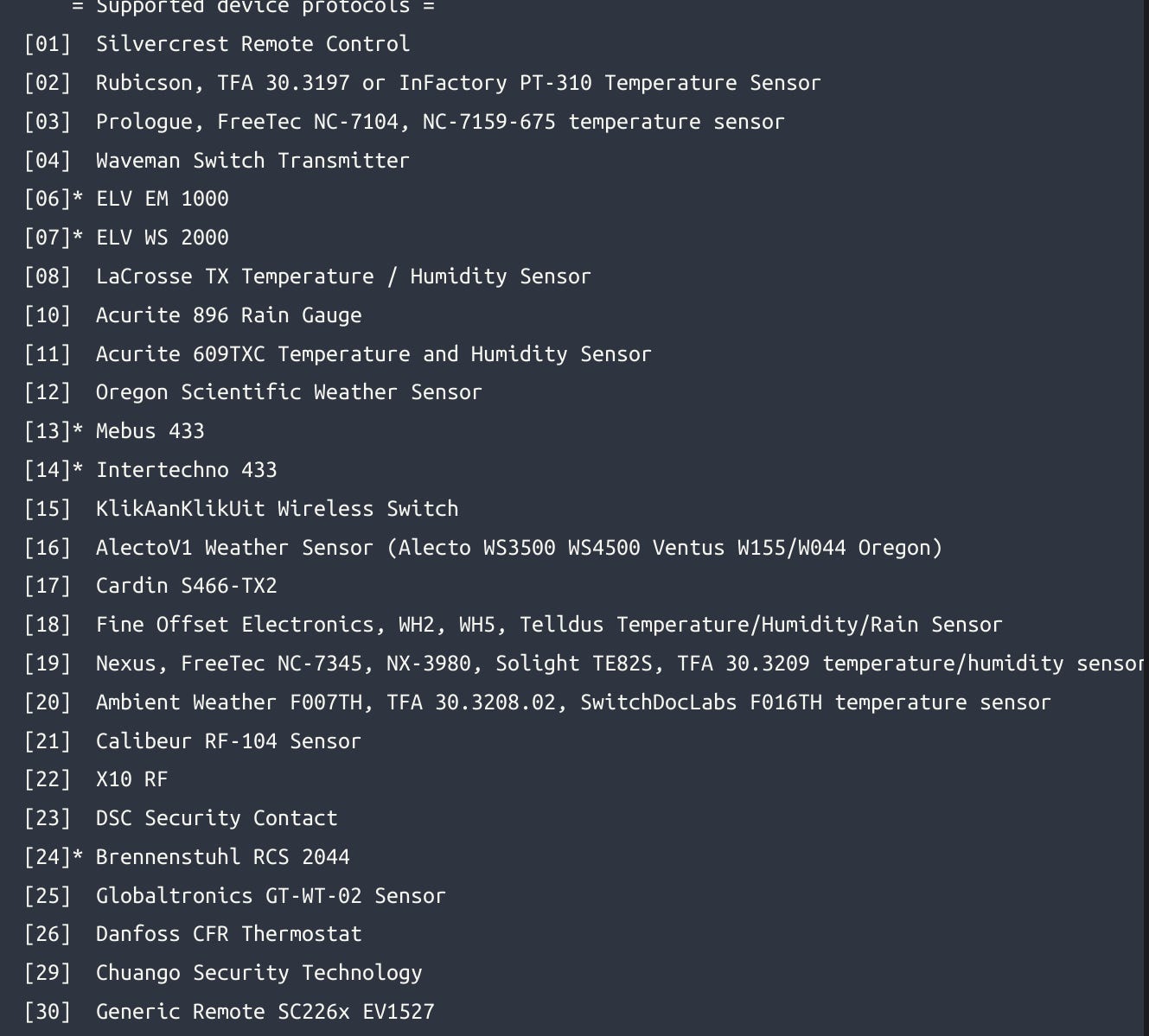 Well, as it happens, quite a lot actually. A quick look at the notes to find supported protocols shows more than a few interesting vendors there. Needless to say, weather stations, temperature sensors and rain gauges are just some of the devices that you’ll find as supported protocols. Look a little harder, and you’ll also find LORA, Home Automation devices and possibly even some remote controls of different types. There are, in fact, over 200 protocols listed as compatible in the RTL-433 documents, so there’s plenty there to keep you amused.
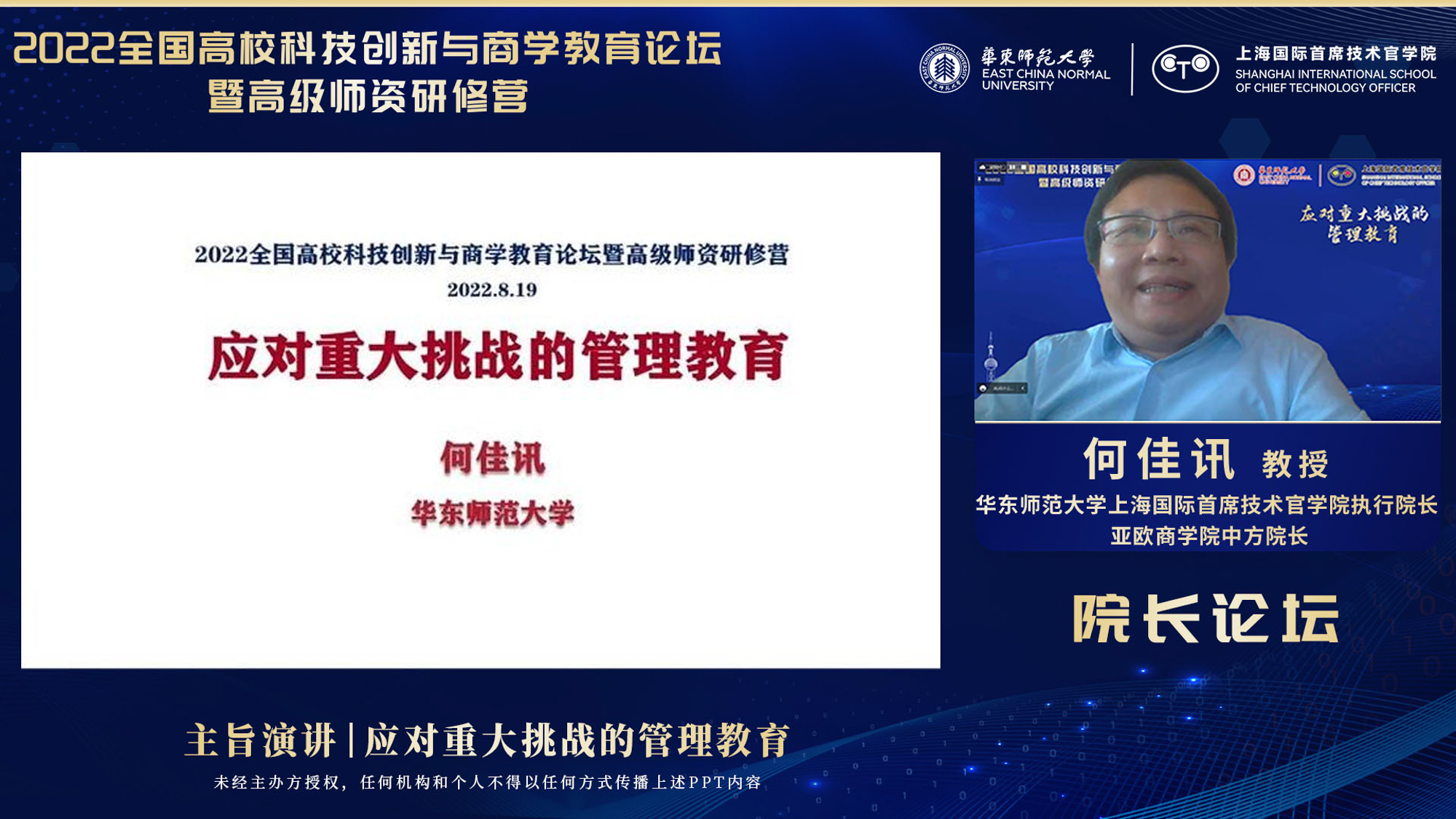 由万象城awcsport官网主办的“第二届2022全国高校科技创新与商学教育论坛暨高级师资研修营”8月19日在线举行,以“应对重大挑战的管理教育”为年度主题,邀请国内外高校一流专家发表主旨演讲并进行专题授课。首日论坛直播吸引了近8万人次收看。万象城awcsport官网党委常委、副校长顾红亮教授、万象城awcsport官网校长助理吴瑞君教授分别主持上午的校长论坛和下午的院长论坛。
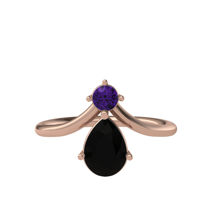 Ametist ve siyah zirkon 18 ayar rose altın yüzük
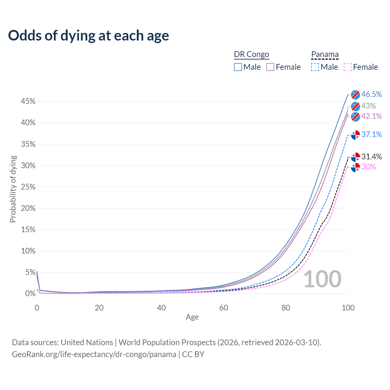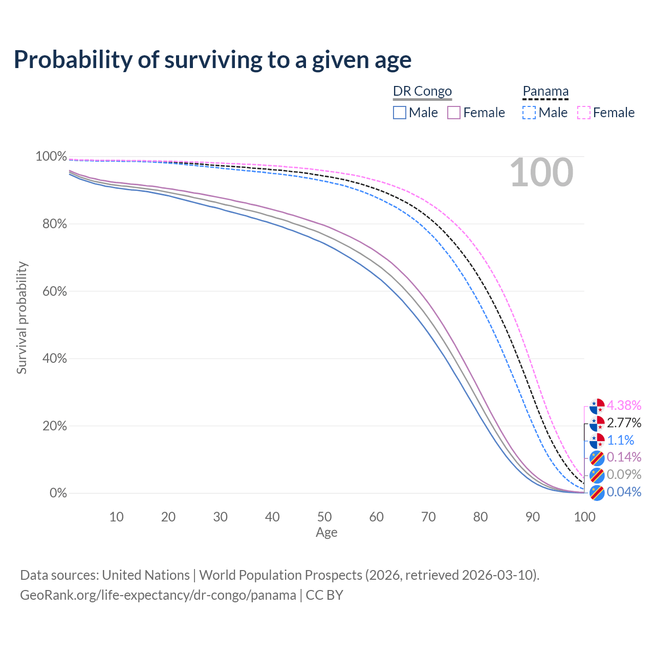 This life expectancy calculator shows the odds of living to 100, 95, 90, and below based on current age for both males and females in the DR Congo and Panama, along with mean and median age of death. The calculations are based on the 2026 life tables (actuarial tables) from the UN World Population Prospects.
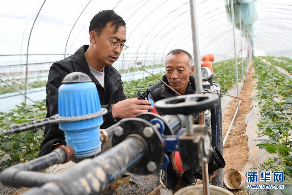 张书豪(左)向村民了解草莓大棚的给水施肥情况(4月27日摄)。

☆ ☆ ☆

* **TASK BRIEF**
The answer must consist solely of the lines from the line containing "Ametist ve siyah" to the end of the data, reproduced exactly, with every picture left out.

* **EXPECTED OUTPUT**
 Ametist ve siyah zirkon 18 ayar rose altın yüzük
 This life expectancy calculator shows the odds of living to 100, 95, 90, and below based on current age for both males and females in the DR Congo and Panama, along with mean and median age of death. The calculations are based on the 2026 life tables (actuarial tables) from the UN World Population Prospects.
 张书豪(左)向村民了解草莓大棚的给水施肥情况(4月27日摄)。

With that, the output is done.